Experimental viable cell count and time course of specific growth rates. (a) Growth profiles of CHO‐DG44 for 29 experimental conditions (see supplementary Table SI) with various cell growth behaviors. The cells were cultivated in a 2 L bioreactor operated in fed‐batch mode for 14 days. Black arrow: Start of nutrient feeding with a predetermined rate. (b) Specific growth rate of the 29 experimental conditions after data cleaning (Fig. 2) for the calibration dataset and the cross validation dataset.

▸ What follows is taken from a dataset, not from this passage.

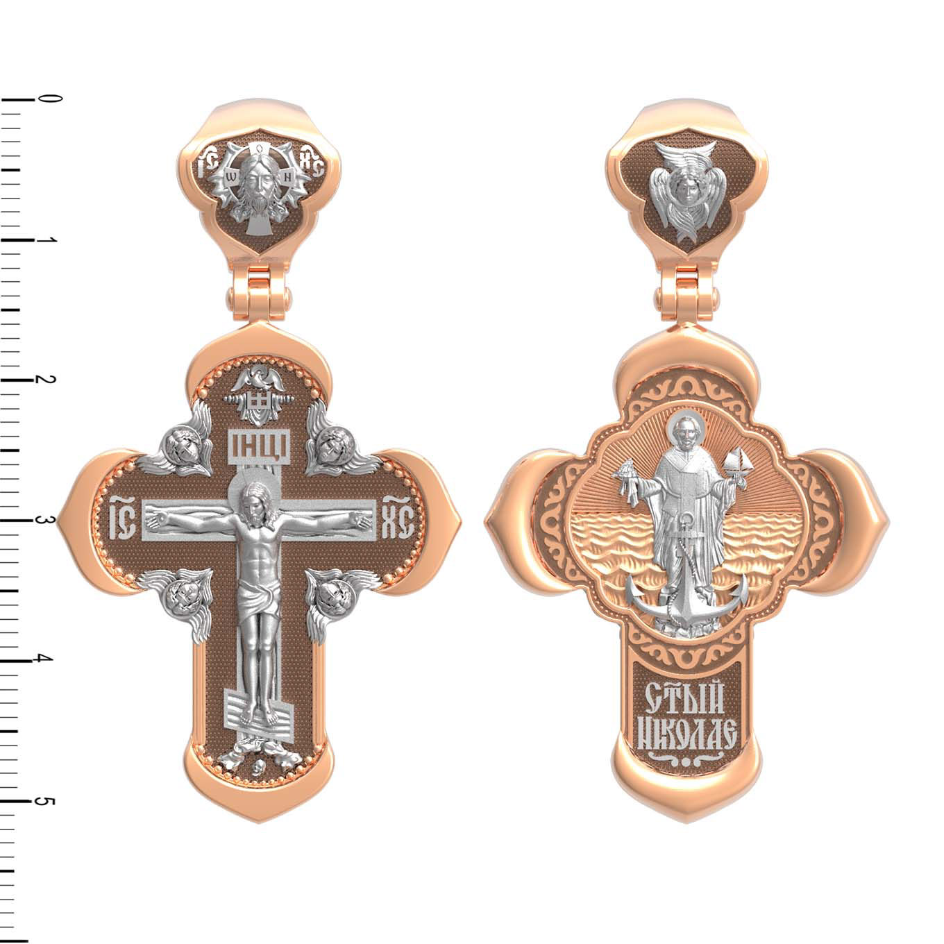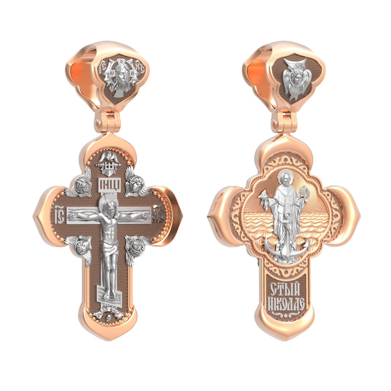 На лицевой стороне креста изображено Распятие Господа и Спасителя нашего Иисуса Христа, отдавшего Себя на смерть, для искупления грехов мира. Крест является символом жертвенной любви Всеблагого Бога к падшим людям, всепобеждающим духовным оружием христиан, основанием и средоточием церковной жизни. Господь сказал: «кто хочет идти за Мною, отвергнись себя, и возьми крест свой, и следуй за Мною». (Мк. 8: 34). На верхней табличке, выше головы Иисуса, расположена надпись, составленная Понтием Пилатом — «IНЦI». Она означает «Иисус Назорей, Царь Иудейский». Надпись «IC» «ХC», означает Иисус Христос, помещается на разных сторонах поперечной перекладины креста. Крест стоит на горе камней, символизирующих Голгофу. В ее основании различается череп– это голова Адама. На кулонном кольце изображен Нерукотворный образ Господа и Спасителя нашего Иисуса Христа, чудесно отпечатавшийся на плате, которым Христос вытер свой лик.

Data Cleaning and Determination of the Number of Metabolic Phases

We applied the outlier identification methodology based on the PCA on our dataset for days 0, 1, and 2 separately. From a total of 404 data points, 86 data points are from days 0, 1, and 2. From these 47 outliers were identified by using PCA and removed from the dataset. Based on the two extra constraints added to our data cleaning procedure from day 3 to 14, data points with depletion of metabolites and/or with viability lower than 50% throughout the cell culture production were also removed from the dataset resulting in a total of 215 remaining data points. This cleaned dataset was partitioned into two datasets based on the growth rate profiles of each experimental condition: 115 data points (calibration dataset) with a wide range of experimental conditions as specified in the Supplementary Table SI and 100 data points (cross validation dataset) with similar experimental conditions. The cross validation dataset contains experimental conditions within the design space of the calibration dataset. From the calibration dataset, two distinct clusters, which correspond to the breakpoints, were identified based on recursive partitioning and hierarchical clustering as described above (Fig. 3): one (Bp1) at a growth rate of 0.54 ± 0.06 day−1 and a second one (Bp2) at −0.08 ± 0.06 day−1. The first breakpoint was identified for all metabolites. The second breakpoint was only identified for proline, valine, leucine, methionine, tyrosine, threonine, cysteine, asparagine, lysine, glutamate, lactate, and mAb. Hence, to avoid over fitting during the calibration of the segmented linear regression, the maximum number of breakpoints to identify was set to two.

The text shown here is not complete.